Jakarta, Pahami.id –
Junta Myanmar pada hari Minggu mengumumkan penangkapan hampir 1.600 orang asing dalam lima hari terakhir, menyusul operasi besar-besaran terhadap pusat penipuan internet perbatasan Thailand.
Tindakan ini merupakan salah satu tindakan paling umum yang diambil militer Myanmar terhadap jaringan penipuan online yang berkembang pesat.
Pabrik-pabrik penipuan berskala besar bermunculan di wilayah perbatasan Myanmar yang dilanda konflik. Dari lokasi tersebut, pelaku mengincar korban di seluruh dunia dengan penipuan dan penipuan bisnis senilai puluhan miliar dolar setiap tahunnya.
Selama bertahun-tahun, junta Myanmar dituduh membiarkan industri ilegal ini berkembang. Namun, sejak bulan Februari, tekanan dari Tiongkok, pendukung militer paling berpengaruh, telah mendorong junta untuk meningkatkan upaya pemberantasan.

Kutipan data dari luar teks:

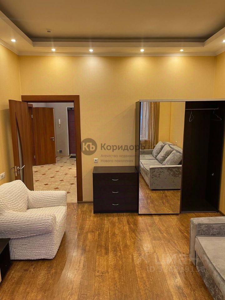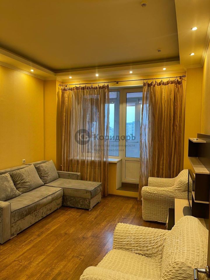 Светлая кухня с современным гарнитуром, встроенной техникой и вместительным холодильником. Удобное рабочее пространство для тех, кто любит готовить. Просторная гостиная с мягкой мебелью, большим окном и выходом на утеплённую лоджию. Здесь комфортно отдыхать, работать или принимать гостей.

Beberapa pengamat menganggap operasi tambahan yang dilakukan selama sebulan terakhir hanya sekedar “pengalihan” untuk mengurangi tekanan Beijing tanpa terlalu banyak mengganggu keuntungan yang mengalir ke kelompok milisi yang bersekutu dengan junta.

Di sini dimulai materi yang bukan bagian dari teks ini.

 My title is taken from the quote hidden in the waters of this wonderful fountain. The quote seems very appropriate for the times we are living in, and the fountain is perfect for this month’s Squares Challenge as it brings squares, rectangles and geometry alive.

Meluncurkan AFPDalam laporan terbaru yang dikutip oleh media pemerintah Global Myanmar, junta menyatakan bahwa “1.590 orang asing yang masuk secara ilegal” ditangkap dalam penggerebekan di Pusat Perjudian dan Penipuan Shwe Kokko pada 18-22 November.
Selain itu, pihak berwenang menyita 2.893 komputer, 21.750 ponsel, 101 receiver satelit Starlink, 21 router, serta berbagai peralatan industri yang digunakan untuk operasi penipuan dan perjudian online.
Penemuan sejumlah besar perangkat Starlink di pusat penipuan Myanmar sebelumnya terungkap dalam penyelidikan AFP bulan lalu. Menyusul laporan tersebut, perusahaan milik Elon Musk menonaktifkan lebih dari 2.500 perangkat Starlink di sekitar lokasi yang diduga menjadi pusat operasi penipuan.
Media pemerintah juga mengatakan bahwa pada hari Sabtu saja 223 orang ditangkap karena dugaan keterlibatan dalam penipuan dan perjudian online di Shwe Kokko, termasuk 100 warga negara Tiongkok.
Rekaman video dari media lokal menunjukkan alat berat menghancurkan ratusan monitor komputer serta tumpukan ponsel pecah di kompleks tersebut.
Sejak penyitaan pada tahun 2021 yang memicu perang saudara dan kekacauan keamanan, pusat penipuan yang mempekerjakan ribuan orang, baik pekerja sukarela maupun korban perdagangan manusia, berkembang di wilayah perbatasan dengan sedikit pengawasan.
China, meski merupakan sekutu utama militer Myanmar, disebut-sebut semakin marah karena banyak warganya yang menjadi sasaran jaringan penipuan tersebut. Menurut laporan PBB, korban penipuan di Asia Tenggara dan Timur saja akan mengalami kerugian hingga US$37 miliar atau setara Rp616,8 triliun pada tahun 2023, dan kerugian global diperkirakan lebih besar.